“She wasn’t no wasp,” drawled Henrietta, with indescribable scorn. “She was big around, like a barrel. She was fat, and red, and ugly. I don’t like that woman. And I guess Bertha had a right to run away from her.”
Jessie and Amy looked at each other and nodded. They had both decided that the girl, Bertha, was the one they had seen carried off in the big French car.
“And you don’t know what Bertha was afraid of?” asked Jessie.
“I dunno. She just wrote me—I can read writing—that she was coming to see me at Foley’s. And she never come.”
“Of course you did not hear anything about her when you searched up and down the boulevard the other day?” Amy asked.

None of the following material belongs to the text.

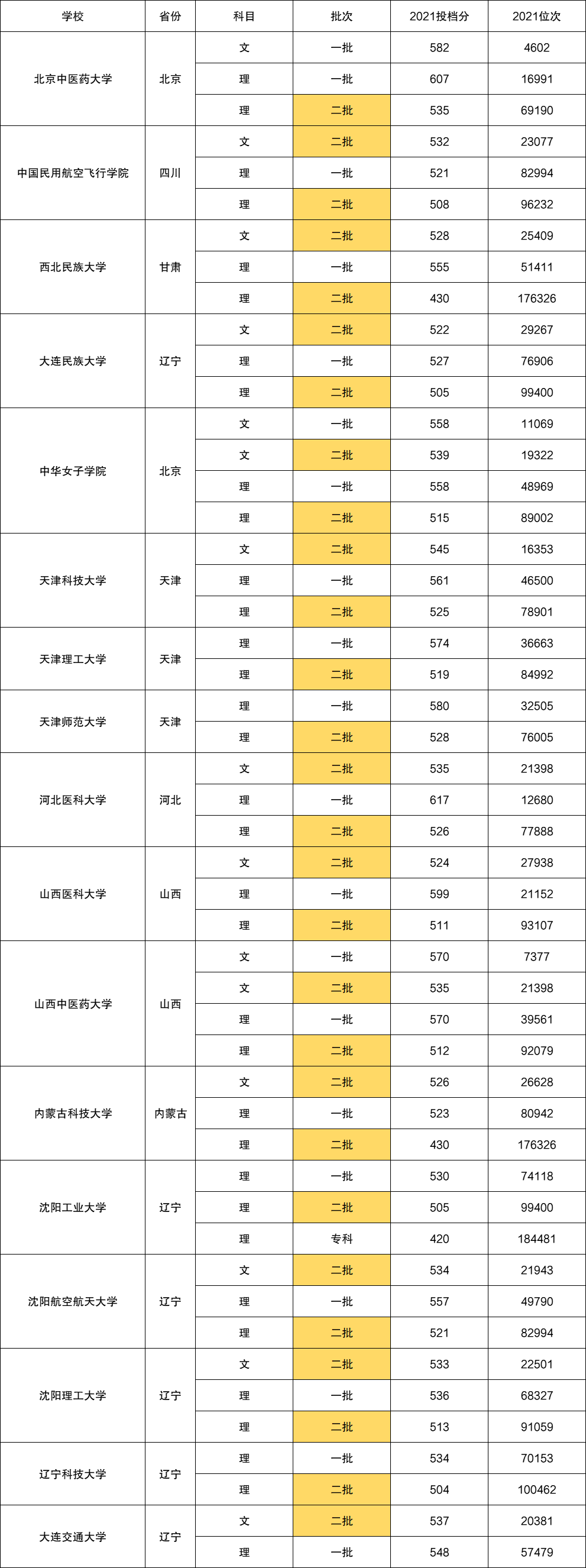 一.一二本兼招大学名单

“There wouldn’t many of ’em answer questions,” said the child gloomily. “Some of ’em shooed me out of their yards before I could ask.”
Amy had undressed the child now down to one scant undergarment. She looked from her bony little body to Jessie, and Amy’s eyes actually filled with tears.
“Aren’t you hungry, honey?” she asked the waif.
“Ain’t I hungry?” scoffed Henrietta. “Ain’t I always hungry? Mrs. Foley says I’m empty as a drum. She can’t fill me up. That’s how I came over here to-day.”
“Because she didn’t give you enough to eat?” demanded Amy, in rising wrath.